Evengalistler, büyük bir coşku ile Irak'ın işgaline destek vermişlerdi. Askerler kendilerini Mesih'in ordusu olarak görüyorlardı. 2007 bitmeden, Millenium'un 7. Yılı sonuna varmadan Tanrıyı kıyamete zorlayacaklar ve işler geri dönüşü mümkün olmayan bir noktaya gelince Mesih dünyaya geri dönecekti..
Kehanet boş çıktı gibi.. Şunun şurasında 50 gün bile kalmadı..
Peki şimdi ne olacak?.. Ufukta Mesih gözükmüyor. İşler geri dönüşü mümkün olmayan noktaya gelmese de, geri dönüşün son derece pahalı olduğu bir noktaya geldi tıkandı.. Üstelik ABD dünyada en çok nefret edilen ülkelerin başında geliyor artık.. Bush'tan nefret edenler Saddam'dan nefret edenlerden daha fazla.. Bush'un elinde 1 milyondan fazla Iraklı kadının, çocuğun, yaşlının kanı var.. Gelen gideni arattı sonunda..
Bölgede misyonerlik faaliyetleri en alt seviyeye indi.. Dahası misyonerlik faaaliyetleri sebebi ile çocuklarının geleceğinden kaygı duyan yerli halk dine yöneldi..
Hatta Müslümanları Hıristiyanlaştırmak için gelen misyonerler, yaşadıkları gerçekler ve öğrendikleri İslâm sebebi ile Müslüman olmaya başladılar..
İskandinav ülkelerinde camiyi ve cemaatı protesto etmek, İslâm'ı ve Müslümanları teröristlikte suçlayarak protesto etmek için camiye gelenlere İslâm'la ilgili dağıtılan broşürler, onları camilere, İslâm'ı daha yakından tanımaya yöneltti. Tarihinin en büyük kitlesel ihtida hareketlerinden birine tanık oluyor İskandinav ülkeleri.. Tesettür/başörtüsü imajı, tüm dünyada, iffet ve aile kavramını yeniden gündeme getiriyor.. Batılı kadınlar Müslüman kadını daha yakından tanıyınca kafalarındaki şablonların yıkıldığını görüyorlar..

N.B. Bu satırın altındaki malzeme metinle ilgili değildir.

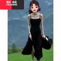 YIBUSHENG黑色吊带连衣裙2024新款女法式长裙收腰显瘦气质高级感A字裙子

Gelinim başörtüsü yüzünden Viyana Tıp Fakültesine gittiğinde, ilk günlerde fakültenin İnsan Hakları Kulübünden öğrenciler, "Üzülmeyin, korkmayın, burada başınızı açabilirsiniz. Size sahip çıkarız, sizi savunuruz; burada size bir şey yapamazlar, güven altındasınız" diye telkinlerde bulunuyorlardı. Sanıyorlardı ki, Türkiye'de onların zorla başlarını örttürüyorlardı. Ön yargılarına göre bunun böyle olması gerekirdi. Örtülü olarak okumak için ülkelerinden ayırdıklarınız kızlar Viyanadakilere zor anlattılar. Bugün şimdi yaklaşık beş yıldır Viyana'daki üniversitelerden mezun olan Avusturyalılar artık gerçeğin öteki yüzünün farkındalar.. Bu durum sadece Avusturya'da değil, dünyanın her yerinde bu gerçek yaşanıyor.. Bir yandan da artık internet var.. Guantanamo ya da Ebu Gureyb'de yaşananların demokrasi ile, hukukla açıklanmasını bırakın, insanlıkla ilgisi olmayan vahşi, barbar bir şey olduğunu artık her vicdan sahibi görüp anlıyor..
ABD çöküyor. Dolarlar artık ülkesine doğru yola çıktı.. Amerikan Doları ve borsası düşüyor.. Yatırımcı daha güvenli limanlara kaçıyor.. Şimdilik petrol yükseliyor ve doların düşmesi ile birlikte alacaklarında bir kayıp olsa da kendi borcu açısından avantajlı bir durum ortaya çıkıyor. Ancak bu düşüş kendi yandaşlarının kasalarını boşalttıktan sonra Amerika için bir felakete dönüşecek. Bu saatten sonra bir geri dönüşün mümkün olduğunu da sanmıyorum..
Amerika tek kutuplu bir dünyanın yükünü taşıyamadı..
Amerika ile birlikte, Amerika'ya bel bağlayan kişilerin, kurumların, iktidarların, devletlerin de hali perişan.. Bindikleri gemi ile birlikte kendileri de batacaklar..
Yükselişi gibi çöküşü de "muhteşem" olacak..
Irak'a saplanıp kalan Bush için uygun bir şarkı sözü geliyor aklıma:
"Gitmek mi zor, kalmak mı zor, gel sen onu bir bana sor!" Bir de "Kendim ettim, kendim buldum" diye bir şarkı olacak.. Selâm ve dua ile.